Selva sobre prédios em Chengdu
Visto do alto, parece um ramalhete de imóveis com vegetação entre a cidade de pedra e cimento.
São oito edifícios com plantas exuberantes nos terraços dos apartamentos de um bairro residencial de Chengdu, capital de Sichuan, no sudoeste da China. Trata-se de um projeto experimental, batizado de "Jardim Florestal de Qiyi", lançado em 2018 e localizado sobre uma autoestrada com oito pistas.
Em algumas partes, as pessoas vivem ali como numa casa instalada numa árvore no meio de uma floresta tropical. A qualidade do ar "é boa quando você acorda de manhã. Ver estas árvores repletas de vegetação faz bem para nós, os idosos", afirma Lin Dengying, um residente.
Em outras, a natureza parece recuperar os lugares e a selva invadiu as varandas, cobriu muros e subiu de um andar para outro.

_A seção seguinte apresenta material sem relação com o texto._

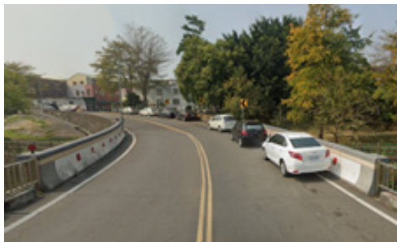
願心三號橋(554)，落成於106年8月，全長13.4公尺，位於嘉義縣水上鄉民生社區，為福德街橫跨八掌溪支流的橋樑，此處支流亦是水上鄉與嘉義市的縣界所在。
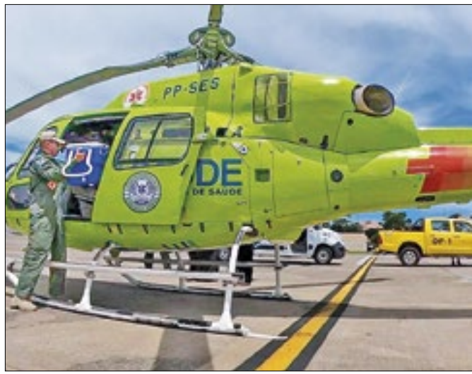
Rio é o único estado a fazer esse tipo de transporte
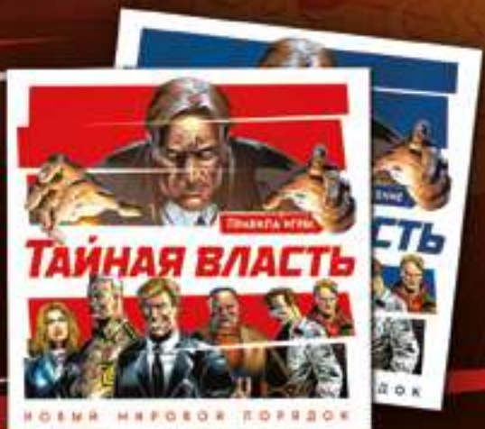
★ Правила игры и приложение ★ 2 буклета
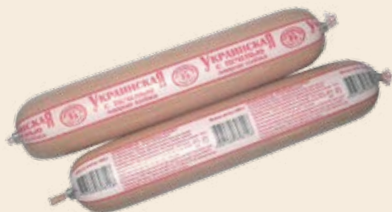
Колбаса «Украинская с печенью» вареная 400 г (Черкизовский)
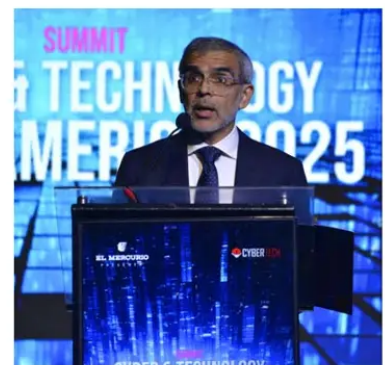
Luis Cordero, ministro de Seguridad Pública.
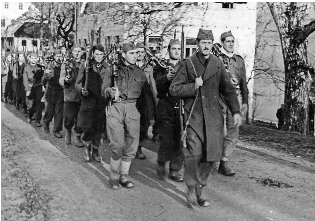
■ La brigata italiana "Fontanot" appena formata in Slovenia si dirige verso le posizioni.

Le motivazioni ideali che spinsero quelle unità alla Resistenza all'estero furono principalmente: il rifiuto di cedere le armi, malgrado gli ordini superiori, la fedeltà al giuramento prestato, lo sconcerto e la rabbia per essere state abbandonate dai loro più elevati comandanti, anche se, alcuni di essi, fino a livello di divisione, scelsero di rimanere, sino all'ultimo, vicini ai loro soldati e di dividerne le sorti, pagando con la vita. I morti in combattimento, di stenti e per il micidiale tifo petecchiale, che distrusse intere brigate italiane, furono oltre diecimila.
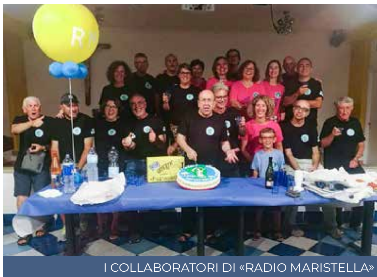
I COLLABORATORI DI «RADIO MARISTELLA»

Ha festeggiato i 40 anni dalla nascita «Radio Maristella», emittente comunitaria della parrocchia san Carlo Borromeo di Carloforte, una delle più longeve
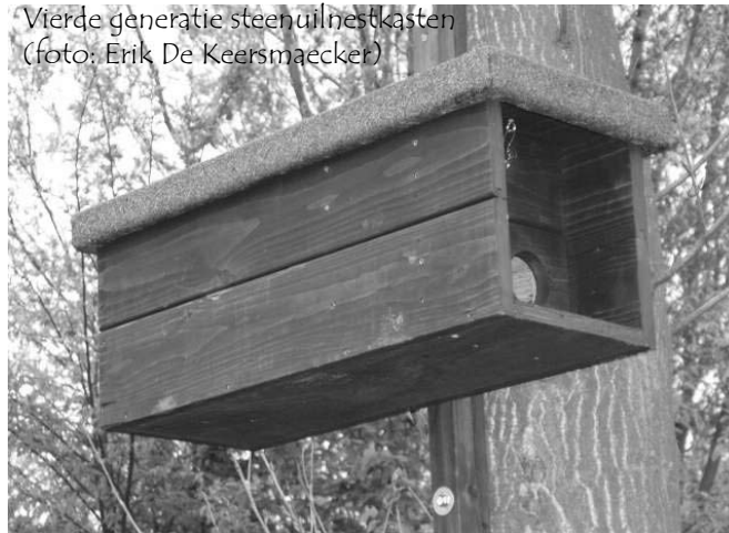
Vierde generatie steenuil nestkasten
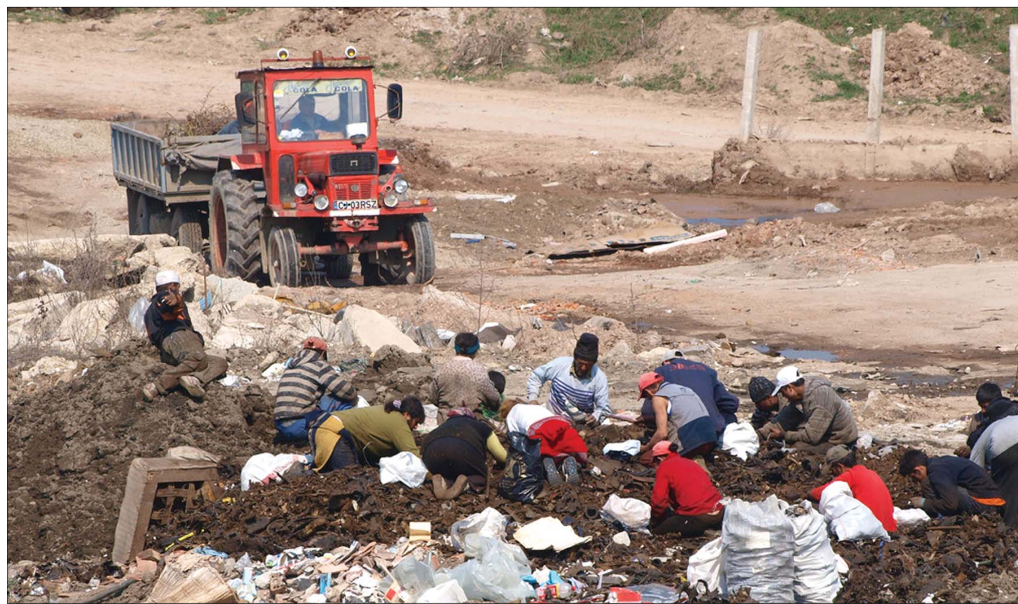
„Kincsesváros-brand”. A kolozsvári Patarét cigánytelepéről a svájci Blick bulvárlap két újságírója közölt riportot a múlt héten
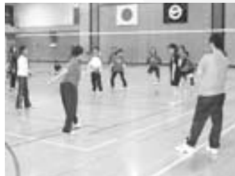
6 / 9 全町家庭婦人バレーボール 大会 2
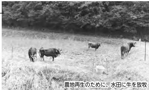
農地再生のために、水田に牛を放牧
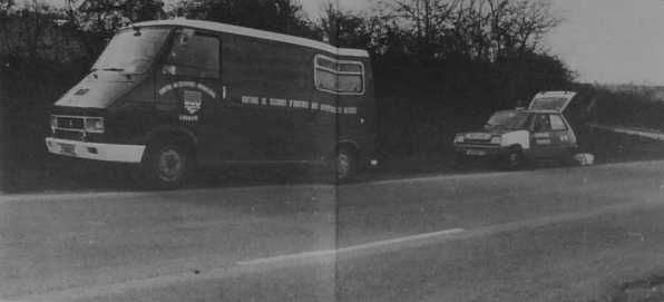
Sur la route, près du radôme, deux voitures arrêtées: l'ambulance des pompiers et le véhicule du S.M.U.R.
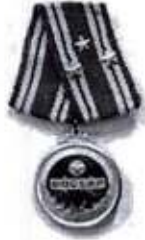
Huân chương Độc lập Hàng Nhất
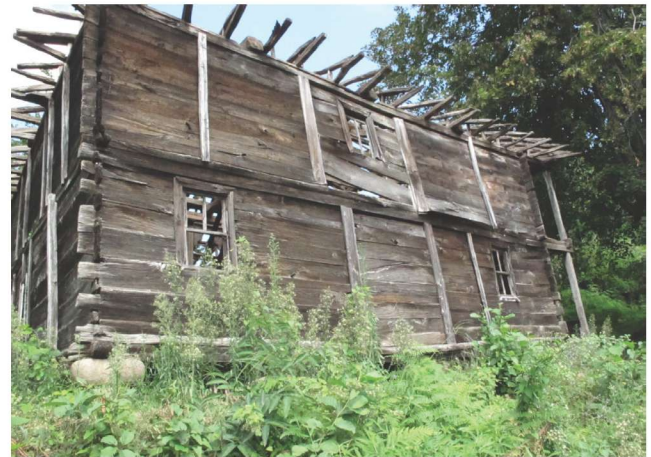
Fotoğraf 2 - Kutluca Mahallesi Camii'nin güney cephesi / The South Façade of Kutluca Quarter Mosque

Kapılardan girildiğinde caminin kuzey kenarı boyunca uzanan, derinliği doğu kenarında 1,66 m., batı kenarında 1,89 m., uzunluğu da 8,14 m. olan bir giriş mekanına ulaşılmaktadır. 0,10 x 0,10 m. ölçülerinde beş ahşap direk arasında, doğudan başlayarak 0,90 m., 0,82 m., 0,88
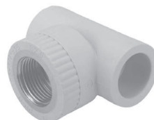
Тройник с внутренней резьбой
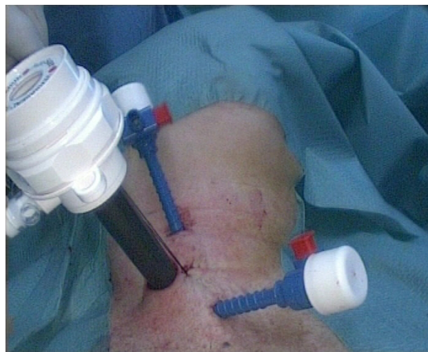
Figura 2 Posicionamiento de los trocares en el cuello.

Los 3 trocares se posicionan sobre la línea del borde anterior del músculo esternocleidomastoideo (SCM) (fig. 2). El procedimiento es llevado a cabo en 3 pasos: primer paso o fase abierta : se realiza una incisión de 15 mm transversa sobre el borde anterior del SCM, justo caudal al cartílago cricoides. Se inicia la disección en el plano entre el borde anterior del borde del SCM y el borde posterior de los músculos infrahioides, y justo por debajo del musculo homohioideo. Entonces, se divide cuidadosamente la fascia que conecta la cara posterior del lóbulo tiroideo con la vaina carotídea, lo suficiente para visualizar la fascia prevertebral. Para favorecer el incremento del área de trabajo se
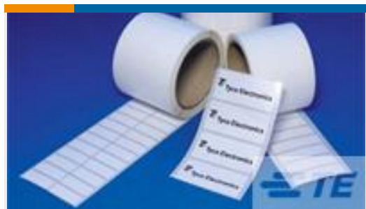
TE 产品编号8-1768018-1 EET-2570P-9
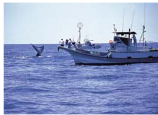
写真一九 ホエールウォッチング
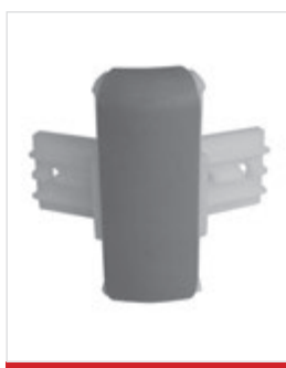
Angolo interno speciale Specificare la graduazione (da 98° a 165°)
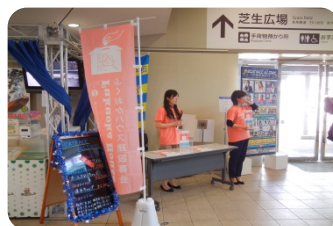
イベントでの募金活動
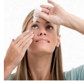
Gervitár sett í auga

Oftast er byrjað á að nota gervitár, sem fást án lyfseðils í apótekum. Forðast skal að nota dropa sem gera augu hvítari. Gervitár eru til í dropa- hlaup- og smyrslformi. Gervitárahlaup og smyrsl eru fyrst og fremst notuð fyrir svefn en þau duga lengur en venjuleg gervitár.
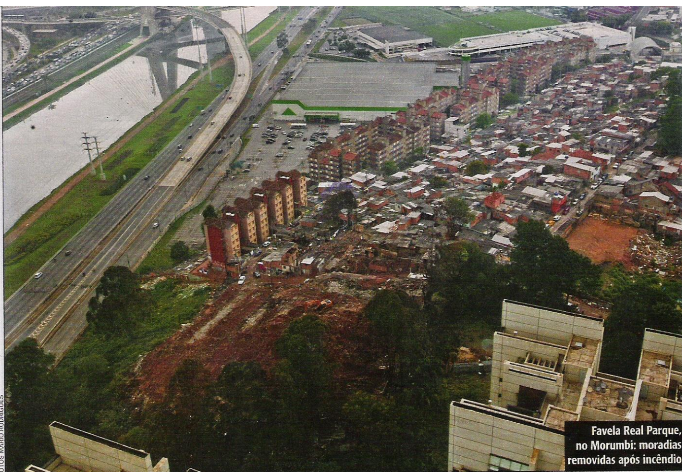
Favela Real Parque, no Morumbi: moradias removidas após incêndio
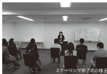
スクーリング修了式の様子
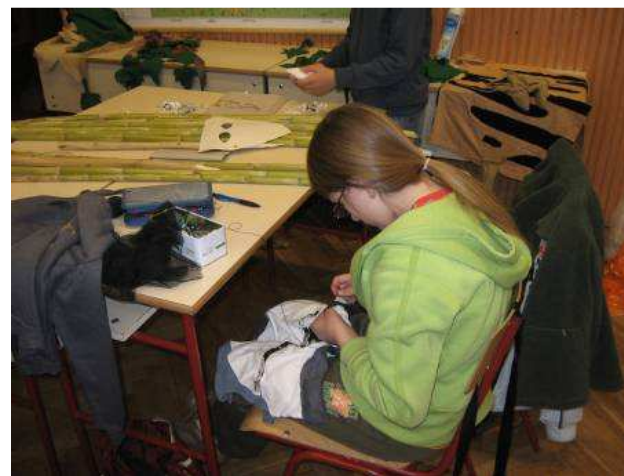
Készül a ruha...
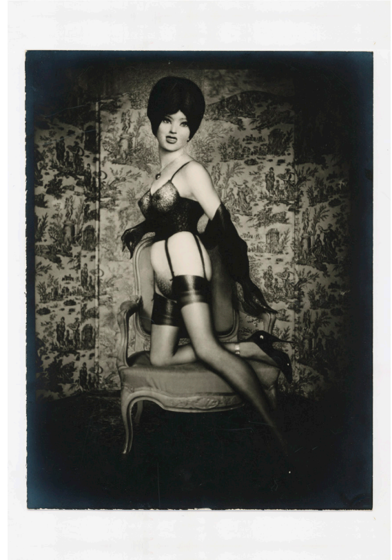
Pierre Molinier Effigie , 1967 Vintage silver print, 24 x 18 cm
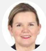
Marta de Cidrac

Président Sénateur du Doubs (Union centriste)
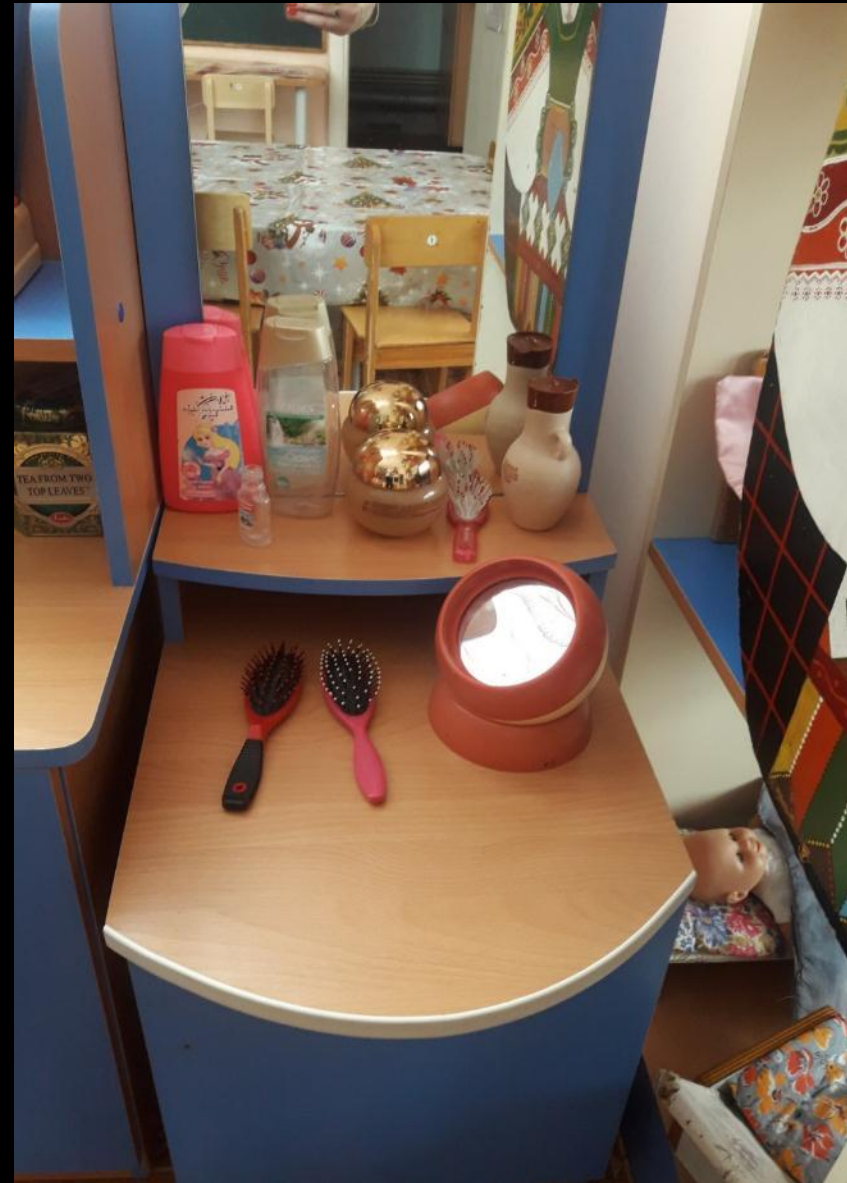
сюжетно-ролевая игра «Парикмахерская»

Em setembro, o jornal semioficial Global Times falava da escassa taxa de ocupação dos 826 apartamentos, que segundo seus inquilinos se deveria à presença de muitos mosquitos, que proliferam com a vegetação.
Claire Doussard destaca a importância para este tipo de projetos em pensar no impacto ambiental, mas também na "manutenção" e na "habitabilidade".